Она садится на носу. Время от времени за бортом вскипают фонтанчики брызг, и капельки воды попадают ей на ноги. Воспоминания снова захватили ее. Депрессия — это мягко сказано. На самом деле она была тогда на грани помешательства. Глория потом старалась внушить ей, что они оставили ее одну во Флоренции ради ее же блага: ведь ей повсюду мерещились преследователи. Предводителем был ее зять, а Глория — его соучастницей. Когда в ней проснулись первые подозрения? Вообще когда она начала догадываться, что была лишней? Что она мешала им? И это по приказу Оливье ее одуряли морфием. Морфием, который производили как раз в его лабораториях. А может быть, он был воротилой наркобизнеса? Это была ни на чем не основанная догадка, своего рода бредовая идея, но зато как она все проясняла! Как будто перед ней с ослепительной четкостью предстал план ее уничтожения. Сначала руки. Затем голова. И все, она больше не соперница. Больше никто не скажет: «Конечно, Глория не лишена приятности. Но ее сестра гораздо тоньше и музыкальнее».
Вдруг ей становится стыдно. Ни к какому невропатологу она не пойдет. Не хватало еще, чтобы он докопался до уснувших в ее душе призраков. Да, мысль была безумной, как безумным было и анонимное письмо, которое она за кругленькую сумму в лирах надиктовала ночной сестре. Но при всей своей дикости ее догадка оказалась совершенно справедливой. Началось расследование, в результате которого открылся доселе никому неведомый канал сбыта наркотиков. А толчком послужило всего одно слово: «морфий». Оно было хуже самого яда, потому что его отравленные корни проникли к ней в душу. Бернстайн сумел выкрутиться, но ему пришлось развестись.

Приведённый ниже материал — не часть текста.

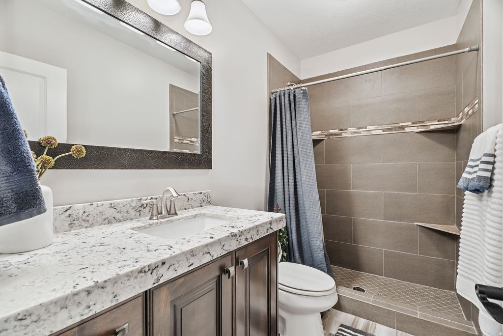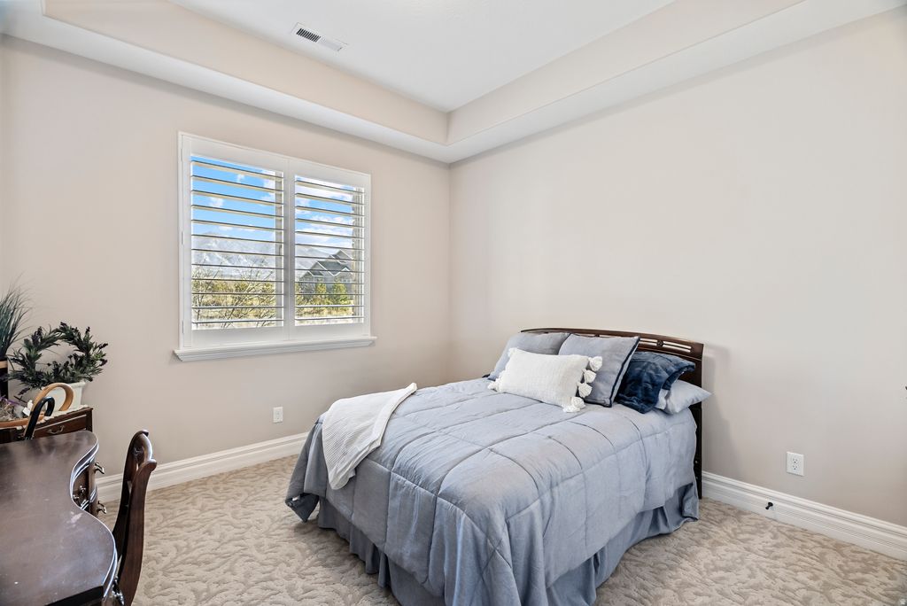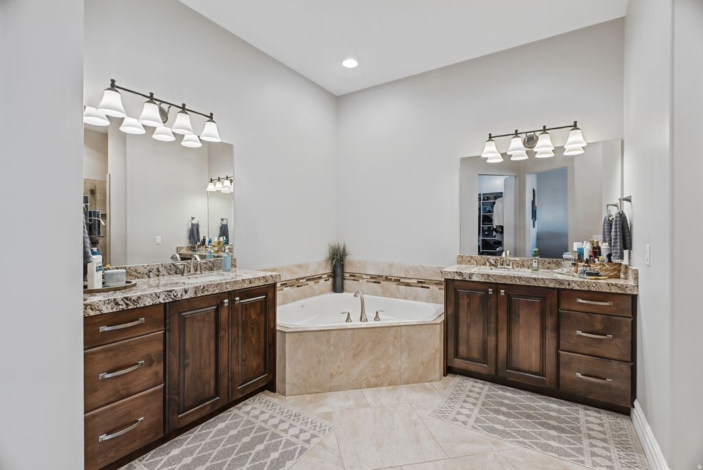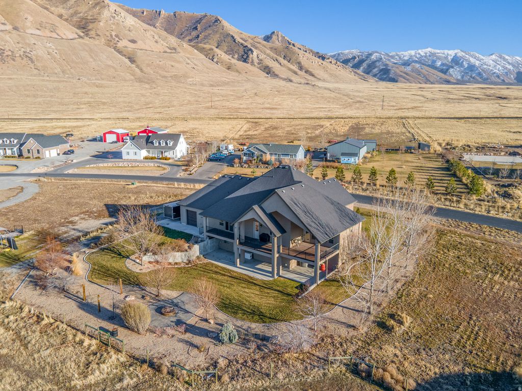 Stunning custom home tucked away on a quiet cul-de-sac in East Erda, set on over 2.5 acres with breathtaking views. This property offers a thoughtfully designed custom floor plan filled with high-end finishes, including plantation shutters, 10-foot ceilings, tray and coffered ceilings upstairs, and a striking iron front door that makes a grand first impression. The primary suite is designed for comfort and convenience, featuring a private entrance into the laundry area with washer and gas dryer right off the walk-in closet. T The spacious walk-out basement boasts 9-foot ceilings and incredible flexibility for entertaining, relaxing, or multi-generational living. Complete with a kitchenette, separate laundry (washer and electric dryer), and an outlet ready for a future hot tub on the patio. A private entrance through the garage adds even more versatility. Step outside from the main level onto the covered patio - perfect for year-round entertaining while taking in the sweeping scenery. A gas line is already plumbed for outdoor cooking or fire features. The beautifully landscaped yard includes a cozy fire pit area and plenty of room to bring your animals and toys. Equestrian-ready amenities include a horse shed, covered hay storage, and a frost-free water spigot in the pasture. Car enthusiasts and adventurers will love the impressive garage with abundant space for vehicles, toys, and storage, plus a separate 220-amp RV hookup on the side of the garage. Additional highlights include two furnaces for efficient climate control (upstairs and downstairs). Water right 15-5437 with 1.59 acre feet of water included. Square footage figures are provided as a courtesy estimate only and were obtained from county records. Buyer is advised to obtain an independent measurement.

Остров уже совсем близко. Жюли немного подташнивает. Укачало в катере? Или это виноваты образы, что толкутся в ее голове? Иногда кажется, что прошлое окончательно умерло. Собственно, так оно и есть. Но от него остается эхо, которое тянется долго-долго, как бесконечная нота грустной песни, что звучит в тебе, хоть ты ее и не сочинял. Это анонимное письмо, оно было или нет? Как все это далеко! Да, но ведь они развелись, это-то ей не приснилось. А остальное?..
Катер причаливает к берегу, и Жюли словно просыпается. Уже пять часов. Дома, наверно, как всегда, полно народу. Глория собиралась сегодня слушать «Испанское каприччо» Римского-Корсакова и рассказать о Габриэле Пьернэ — дирижере, с которым была хорошо знакома. Жюли лучше войдет с черного хода. Впрочем, дома тихо. Неужели у Глории никого нет? Она чуть толкает дверь «концертного зала» и прислушивается. Что же могло случиться? Идет дальше и останавливается возле двери спальни.
— Глория! К тебе можно?
И слышит в ответ что-то вроде стона. Она заходит в комнату. Глория одна. Свет ночника безжалостно падает на ее вдруг постаревшее лицо. Парик сбился чуть набок, обнажив голый лоб, белый, как у скелета.
— Ты заболела?
— Меня вырвало после обеда.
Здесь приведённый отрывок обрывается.